Было холодно, море шумело, звезда Венеры кокетливо повисла на востоке, танцуя и играя. Я шел вдоль берега, играя с волнами: они бросались, стараясь окатить меня, а я убегал, был счастлив и говорил: «Вот это и есть подлинное счастье! Не требовать ничего и не работать по-скотски, словно требуя всего. Жить вдали от людей, любить их и не нуждаться в них. А на Рождество поесть и выпить всласть, а затем уйти в одиночестве от всех приманок, видеть над собой звезды, слева – землю, справа – море, а затем вдруг почувствовать всем сердцем, что жизнь свершила свой последний подвиг и стала сказкой».
Дни шли чередой друг за другом, я старался стойко держаться, кричал и играл, но где-то там, в самом сердце моем, была печаль. В течение всей той праздничной недели приходили воспоминания, в душе моей звучала музыка и являлись дорогие мне люди. Я снова почувствовал, насколько верна прадавняя сказка, согласно которой сердце человеческое – яма с кровью, к которой припадают любимые нами мертвецы и, испив крови, оживают. И чем больше мы их любим, тем больше нашей крови они пьют.
Было это накануне Нового года. Шумная ватага сельских ребятишек с большим бумажным кораблем подошла ко входу в наш барак и принялась колядовать. Святой Василий[35], тоже ученый, с бумагой и чернильницей, отправился из Кесареи, чтобы прибыть к лазурным берегам Крита и спеть славословие Зорбасу, мне и несуществующей «госпоже вельможной».
Я все слушал, слушал и молчал. Чувствовал, как падает, словно лист с дерева, год из сердца моего, а я делаю еще один шаг к черной яме.
– Что с тобой, хозяин? – спросил Зорбас, который пел вместе с детворой, ударяя в бубен. – Да что же это с тобой? Ты побледнел и постарел, хозяин. А я сегодня словно опять мальцом стал. Снова рождаюсь на свет, как Христос. Как это он возрождается каждый год? Вот и я так.
Я прилег на кровать и закрыл глаза. Сердце мое было в тот день растревожено, и говорить не хотелось.
Не спалось. Словно в ту ночь предстояло отчитаться за мои дела, и вся моя жизнь предстала передо мной в спешке, бессвязная, в неопределенности, словно сон, и я в отчаянии смотрел на нее.

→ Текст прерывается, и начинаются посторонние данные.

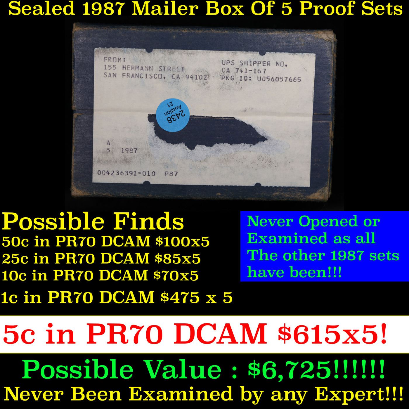 Original sealed box 5- 1987 United States Mint Proof Sets. Up for Auction is an Unopened Mailer Box from 1987 containing 5 1987 Proof Sets!!!! Wow! - This Mailer Box is sealed exactly as it left the mint over 40 years ago. Each Proof set in this mailer box has never been reviewed or examined by anyone. Virtually every 1987 Proof Set has been looked at by Coin Experts who have identified potential PR70 DCAM Coins and had them slabbed. Those opened Proof Sets you find at coin shows or for sale individually have almost certainly been examined and reviewed. NOT ONE OF THE FIVE SETS IN THIS MAILER BOX HAVE BEEN SEEN BY HUMAN EYES IN 40 YEARS , So, What COULD be in these Sets, Well here are the 5 things that could be inside. An Kennedy 50c in PR70 DCAM Trending $100, a Washington 25c in PR70 DCAM Trending $85, a Roosevelt Dime in PR70 DCAM Trending $70, BUT That’s Just the Start, There also could be a Lincoln 1c in PR70 DCAM, TRENDING $475, BUT EVEN THAT IS JUST THE SIDESHOW! The REAL WINNER IN THIS LOTTERY BOX IS The Jefferson Nickel, a 1987 PROOF Jefferson Nickel in PR70 DCAM TRENDS $615!!!! And there can be FIVE of Each in this BOX, This could be one of the very last boxes in EXISTENCE. This “WONKA” Box could Contain Coins Worth $6,725 - Good Luck in Obtaining This Unopened Mailer Box of 5 1987 Proof Sets!!!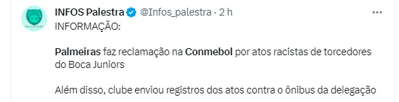 Porém, mesmo assim, a diretoria do Clube Paulista decidiu entrar com uma reclamação junto à Conmebol contra o Clube Argentino, segundo o Nosso Palestra. Isso porque, alguns torcedores dos Xeneizes mais uma vez protagonizaram episódios lamentáveis de racismo contra os palmeirenses. Algumas imagens acabaram flagrando e o Palmeiras decidiu tomar uma atitude.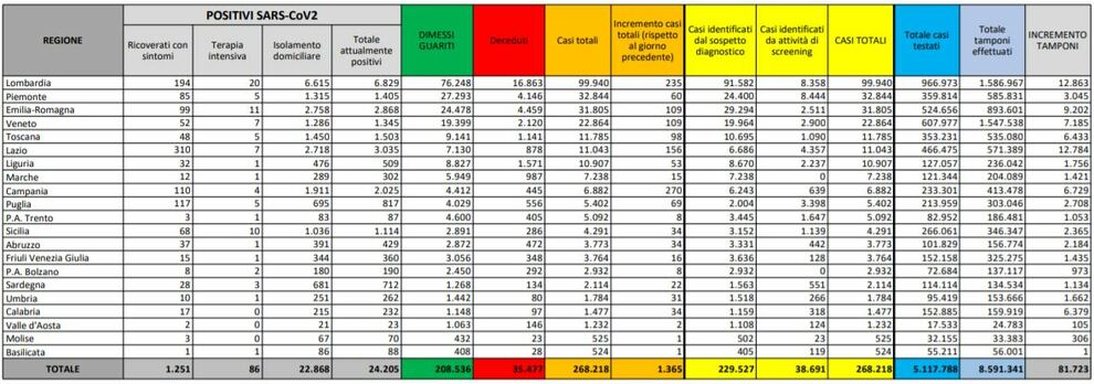 I tamponi condotti sono stati 81.723 per un totale di 8.591.341. I dimessi e guariti da ieri sono stati 312. Gli attualmente positivi sono 24.205. Il totale dei positivi sale così a 268.218, dei morti a 35.477, dei guariti a 208.536.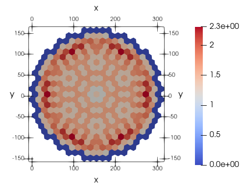 3D_VVER440: Half radial plane of the neutronic power with a hexagonal 3D benchmark.
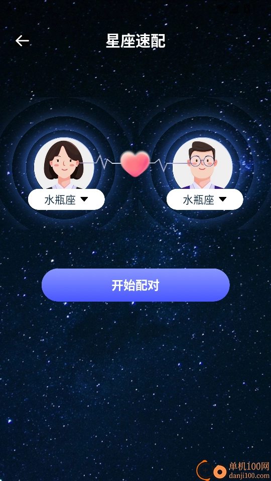 4.然后大家输入男女的星座后,点击“开始配对”按钮进入下一步

Словно пушистое облако, на которое налетают высоко в небе ветры, жизнь моя изменялась, уплотняясь, рассеиваясь, снова уплотняясь и приобретая различные формы – лебедя, собаки, демона, скорпиона, золотого павлина, обезьяны. Облако все более рассеивалось и развеивалось, все из радуги и воздуха.
Все вопросы, поставленные мной перед жизнью, не только остались без ответа, но стали еще более сложными и суровыми. А самые великие надежды мои тоже потерпели крах в благоразумии…
Светало. Я не открывал глаз, пытаясь собрать свою волю, чтобы преодолеть затвердевшую кору мозга и попасть в то грозное мрачное русло, которое соединяет каждую каплю человеческой крови с великим океаном. Я спешил разорвать одежды и увидеть, что несет мне этот Новый год…
– Доброе утро, хозяин! С Новым годом!
Голос Зорбаса неожиданно вернул меня снова на землю. Открыв глаза, я успел заметить, как Зорбас разбил о порог барака крупный плод граната. Освежающие рубины долетели до кровати, я собрал несколько, положил в рот и почувствовал их свежесть.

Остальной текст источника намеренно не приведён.